Since August last year, I've been plagued with niggles. Whilst not stopping me running, PF in my left foot, a partially torn ligament in my right ankle and numerous other minor injuries have dampened my enthusiasm for empty miling.

In a bid to remedy the situation, I've looked at a myriad of possible solutions - concentrating on my running form, altering my foot-strike, shortening my stride length, increasing my cadence, changing my footwear, increasing the hours I regularly sleep, tweaking my diet, purchasing compression clothing. It's difficult to assess if any or all of the above had some benefit or none at all. Suffice to say, though, that the problems didn't magically go away.

It was a Fb message from a fellow ultra-runner I met during the Viking Way run that finally brought me to the light. After winning this race, I'd been amazed at how quickly he seemed to recover and how soon he was ready to take on other runs of epic distances. Each weekend he seemed to be tackling distances of 60 miles and upwards - an incredible achievement. I sent him a message saying as much, and he replied with a short sentence: 'But remember Chris - I do little, if anything, in between. Rest is everything. Your endurance won't be affected.'

BINGO! The answer had been so obvious, but I'd chosen to ignore it all along. To run more, I have to run less. This, I was sure, would be the key to locating The Pivot.



I'm a runner. I love to run. My default setting is to run every day. There's been times when I've run for 10 or 11 months at a time without missing a day. Upon reflection, these periods have always ended in tears.

I've blinded myself to the words that presented themselves to me on the internet each time I googled a new problem. 'Over-use injuries'. Over use. The answer was there, but I couldn't see it. Over use. You do too much.

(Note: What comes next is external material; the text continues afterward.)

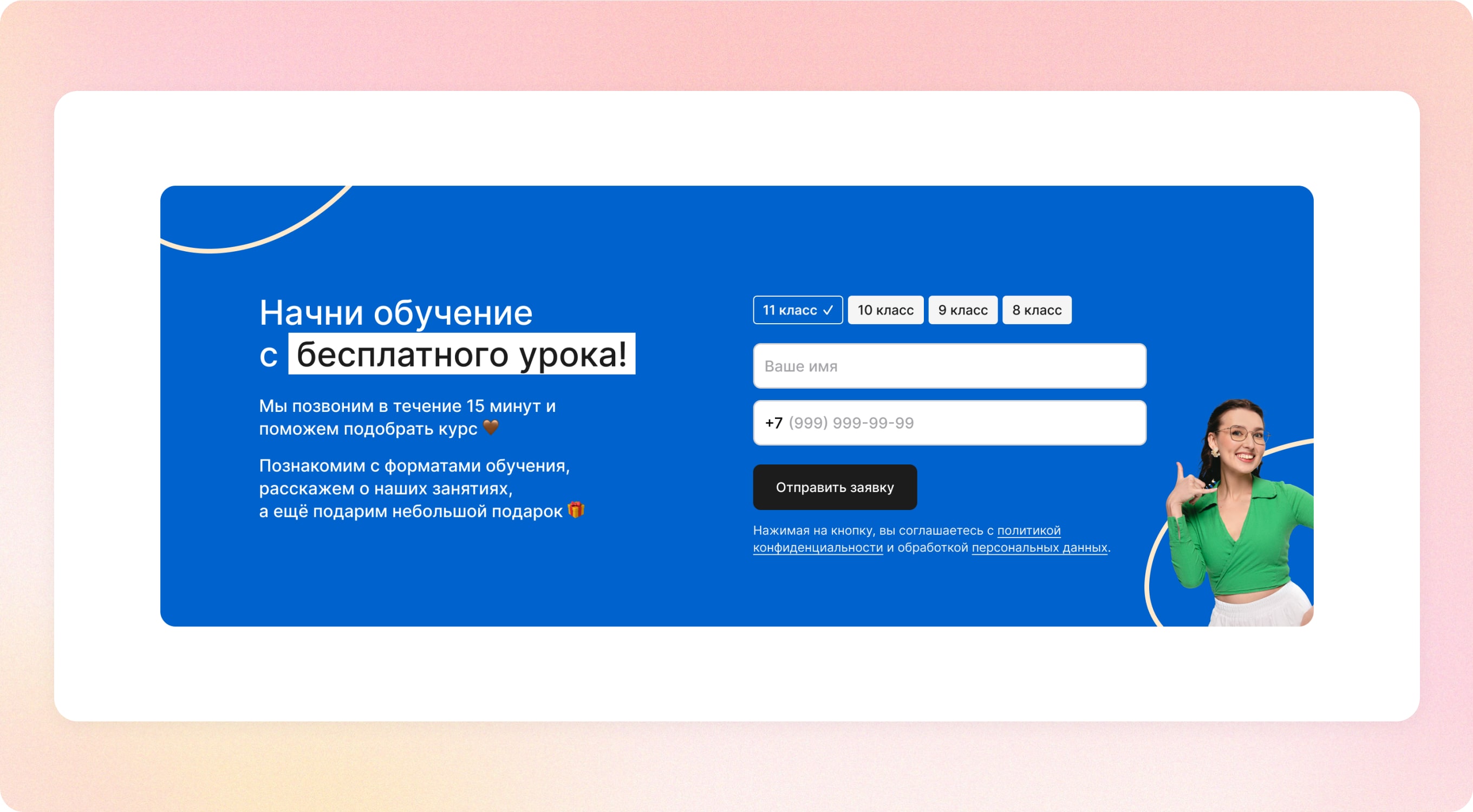 Блок заказа обратного звонка. Выбираем класс, имя и телефон. Далее менеджеры связываются с клиентом и помогают с выбором курса.

I've been forced to sit down and reassess. This year's plan was based on empty miles. Empty miles that would be run on Lincolnshire's paths, a number of which involved extreme distances. These were the miles that counted. Perhaps the rest were junk?

The notion of junk miles is alien to me. Every mile is a mile worth running. But if I'm going to complete my miles on the paths, it's essential that most of the rest have to go.

This, I'm sure, is the key.

The plan is straight-forward. The priority miles are the ones I'll enjoy as part of my footpath challenge. The distances involved inevitably mean that most of these will be completed at weekends. What I need to do during the week goes against everything that's ingrained in me - I have to not run. A couple of easy club runs will, no doubt, make no difference, but the essential thing will be to rest for the forthcoming weekend's big effort. I admit - it scares me a little, but I also have the gut feeling that it's right. Only this way will I get close to completing my task. The Pivot. I'm on it.

The regimented calendar has to go too. It's only by taking a more intuitive approach to the task - by listening to my body and not my head - that progress will be guaranteed.



Six frustrating weeks have ended. The weather's showing early summer promise. I hear the Sirens singing from the paths I've yet to tread. Instead of luring me to self-destruction, their songs entice me towards revelation.

Once more, The Sixth Statement awaits.

This time, I'm ready.

1 comment:

  1. Chris, cracking blog post - what's strange about this is that i have unwittingly, been doing just this. Since injuring my knee some 4 months ago i have only trained at weekends. I cycle a little in the week and occasionally walk the 5 miles home from work but have not run during the week. It does feel strange and i have, on occasion, felt lazy for not doing so but here i am, fitter than i've been since 2010. There is method to this madness.